Tuesday, July 11, 2006

Matrix support in Bioclipse

With chemometrics in mind (QSAR, data mining, ...), I have started working on matrix support in Bioclipse, because the matrix is the important step between (bio-)molecular content and statistical analysis. I implemented this such that the actual matrix implementation can be freely chosen, that is, bc_statistical provides a IMatrixImplementation extension point. The plugin bc_jama provides a JAMA based extension for this, but other implementations are possible, and possibly useful.

The second component provided by the new statistics plugin, is the MatrixResource, a BioResource for documents (e.g. files on the harddisk) that represent a matrix.
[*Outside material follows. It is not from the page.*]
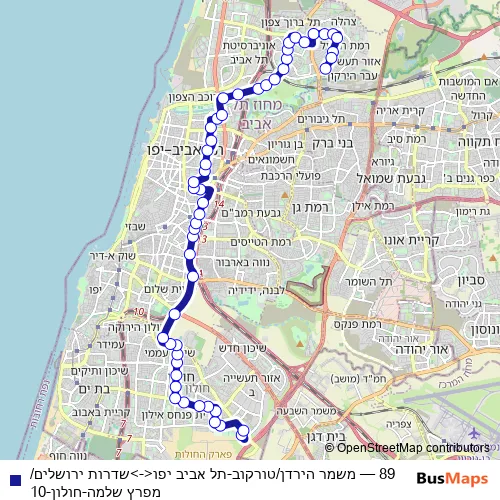 Bus 89 - משמר הירדן/טורקוב-תל אביב יפו<->שדרות ירושלים/מפרץ שלמה-חולון-10: Full Schedule in Tel Aviv

However, Bioclipse can create such matrices on the fly too, and these do not necessarily have to be stored on disk, as is general for BioResource's. This makes it possible for other plugins to create matrices from other resources: for example, the CDK plugin can now have an action that converts a SDF file into a QSAR data matrix.

The MatrixResource can be edited using a plain text editor, and a more visually attractive graphical editor based on the KTable SWT widget:

The next step is to work on column and row names, and replace those uninformative X's. As you can see in the Properties View, I also need to tweak adding and removing advanced properties a bit. And then it is time to have the CDK plugin create a QSAR data matrix.